If ARCO Rights are exercised through a legal representative, in addition to proving the identity of both the data subject and the representative, the corresponding power of attorney, a letter of attorney signed before two witnesses, or a statement made in person by the data subject must be provided.

If the right of rectification is exercised, the documentation supporting the requested change must also be provided, according to the personal data to be rectified.

A response to your request will be issued within twenty business days from the date on which the request is received.

Accuracy of the Data Provided

The User guarantees that the personal data provided is accurate and undertakes to inform BIMCORP of any change or update to such data in order to allow BIMCORP to provide an optimal service and user experience.

Data Retention

The personal data you provide to us will be kept confidentially for a period of six years, for the purpose of preserving evidence of the transactions and services provided.

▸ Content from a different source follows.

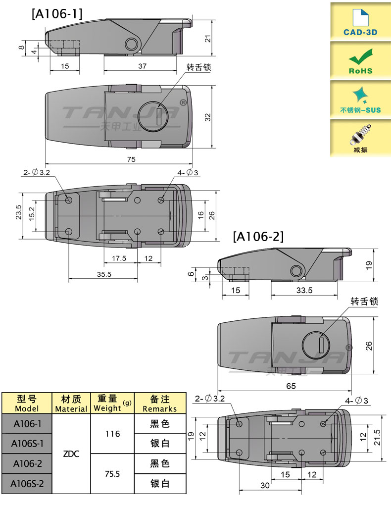 | A106-2SR | concealed,damping,with lock | 65.6 | Zinc alloy | 75.51 | download |

During such period, Users may request in writing, through the communication channels identified in this Privacy Notice, that the data controller delete or deliver the corresponding personal data to the data subject.

At the end of such period, the information will be purged from our databases.

If any of the cases set forth in Articles 9 or 36 of the Law applies, and the personal data is involved in or required for any controversy, proceeding, or legal requirement, such data may not be returned or deleted until the relevant controversy or proceeding has been resolved or a final judgment has been issued.

Changes to this Privacy Notice

We reserve the right to make changes or updates to this Privacy Notice at any time, whether to comply with legislative reforms, internal policies, or new requirements for the provision or offering of our products and services.

BIMCORP will notify the User of any such changes through the email address provided by the User.

In any event, we recommend that you review this Privacy Notice each time you use our Services, in order to stay informed of any changes, modifications, or updates.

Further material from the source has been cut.